Concurrent ingestion and table services. Real tables need continuous compaction, clustering and cleaning to stay queryable. Running those alongside ingestion without transactions means either stopping the world or risking corruption. MVCC on the timeline lets Hudi rewrite data in the background while writers write and readers read, with each process pinned to a consistent snapshot.

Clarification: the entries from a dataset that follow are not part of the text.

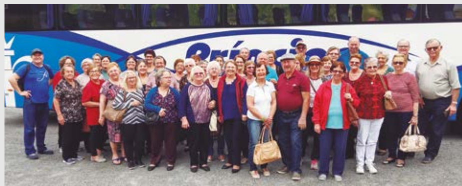
O passeio reuniu 44 idosos do Grupo da Terceira Idade da Comunidade S. Lucas

as futuras gerações a fé e o amor a Deus. Assim esperamos que os idosos da Paróquia São Lucas estejam trabalhando ativamente no testemunho de sua fé aos seus familiares e amigos, experimentando a presença do Senhor em suas vidas e a comunhão com os irmãos. Foi um dia maravilhoso!
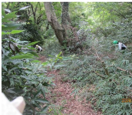
通路及び周辺も除草
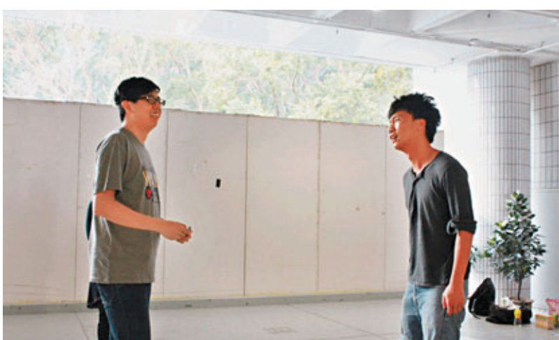
演員們在做即興練習。
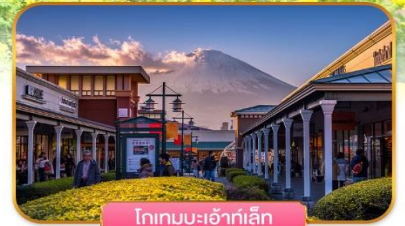
โกเทมบะเอ้าท์เล็ต

Regulatory deletes. GDPR and CCPA erasure requests require deleting specific records from immutable files — physically, a read-modify-rewrite of affected files. ACID makes each deletion pass atomic and auditable: the timeline records exactly when the delete committed, queries never see a half-deleted state, and the commit history serves as evidence of compliance.

Conclusion

ACID on a data lake is a commit protocol over object storage: data files are written invisibly, then published through one atomic metadata operation, with snapshot isolation for readers and explicit concurrency control between writers. Hudi implements this with its timeline — an ordered, durable event log of every action on the table — plus a spectrum of concurrency control modes ranging from lock-free single-writer deployments to OCC and non-blocking multi-writer streaming. Iceberg and Delta Lake deliver the same core guarantees through their own log designs. None of this turns a lake into an OLTP database, and it should not be sold that way; what it does is make tables on cheap object storage trustworthy enough to run CDC pipelines, concurrent services and compliance workloads that raw file lakes could never support. That trust is the foundation the rest of the lakehouse stack is built on.

FAQ

Does S3 support ACID transactions?

Not by itself. S3 provides durable, strongly consistent operations on individual objects, but no atomic operation spanning multiple objects and no isolation between concurrent writers. ACID transactions on S3 come from a table format layered on top, such as Apache Hudi, Apache Iceberg or Delta Lake, which publishes multi-file writes through a single atomic metadata commit.

Is a data lake ACID compliant?

A raw data lake of Parquet or ORC files is not ACID compliant: readers can observe partial writes, concurrent jobs can corrupt each other, and failed jobs leave orphaned files. A data lake becomes ACID compliant when tables are managed by a transactional table format, at which point it is usually called a lakehouse.

How does Hudi guarantee atomicity?

Hudi records every write as an action on its timeline, moving through requested, inflight and completed states. Data files are written first but remain invisible; the transition to completed is a single atomic object-store operation. Queries only read files referenced by completed actions, so a failed write is never visible and is later rolled back cleanly.

What is snapshot isolation on a data lake?

Snapshot isolation means every query reads the table as of a specific committed state and sees exactly that state for its entire run, even while new writes commit concurrently. Table formats implement it with multi-version concurrency control, keeping prior file versions available until no reader needs them.

Can multiple jobs write to the same lakehouse table at once?

Yes, with concurrency control. Hudi supports optimistic concurrency control, where writers proceed in parallel and conflicts on overlapping files are detected at commit time using a short-lived lock, and non-blocking concurrency control, where multiple writers can even target the same file group and conflicts are resolved at read and compaction time.

Is ACID on a data lake the same as ACID in a database like PostgreSQL?

The guarantees are the same in kind but different in scope and latency. Lakehouse transactions cover batches of records within one table and commit in seconds, whereas an OLTP database offers millisecond, multi-statement, often multi-table transactions. Lakes are built for analytical and streaming workloads, not high-QPS point reads and writes.